** Data to examine follows **

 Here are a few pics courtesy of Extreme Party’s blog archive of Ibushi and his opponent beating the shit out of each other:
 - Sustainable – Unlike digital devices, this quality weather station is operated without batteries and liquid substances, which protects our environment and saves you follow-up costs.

** End of Data to examine **
** Data to examine follows **

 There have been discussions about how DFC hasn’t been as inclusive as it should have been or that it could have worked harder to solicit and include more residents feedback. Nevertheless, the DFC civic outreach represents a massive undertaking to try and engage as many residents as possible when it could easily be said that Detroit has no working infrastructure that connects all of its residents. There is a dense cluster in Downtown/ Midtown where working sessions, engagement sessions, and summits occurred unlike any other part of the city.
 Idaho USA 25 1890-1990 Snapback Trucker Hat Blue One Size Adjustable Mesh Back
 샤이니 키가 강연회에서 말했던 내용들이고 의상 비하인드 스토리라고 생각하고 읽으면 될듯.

** End of Data to examine **

Retype exactly the lines of the data above that fall between the line with "There have been" and the line with "Idaho USA 25", inclusive, and add nothing.

> _Exercise response_:
 There have been discussions about how DFC hasn’t been as inclusive as it should have been or that it could have worked harder to solicit and include more residents feedback. Nevertheless, the DFC civic outreach represents a massive undertaking to try and engage as many residents as possible when it could easily be said that Detroit has no working infrastructure that connects all of its residents. There is a dense cluster in Downtown/ Midtown where working sessions, engagement sessions, and summits occurred unlike any other part of the city.
 Idaho USA 25 1890-1990 Snapback Trucker Hat Blue One Size Adjustable Mesh Back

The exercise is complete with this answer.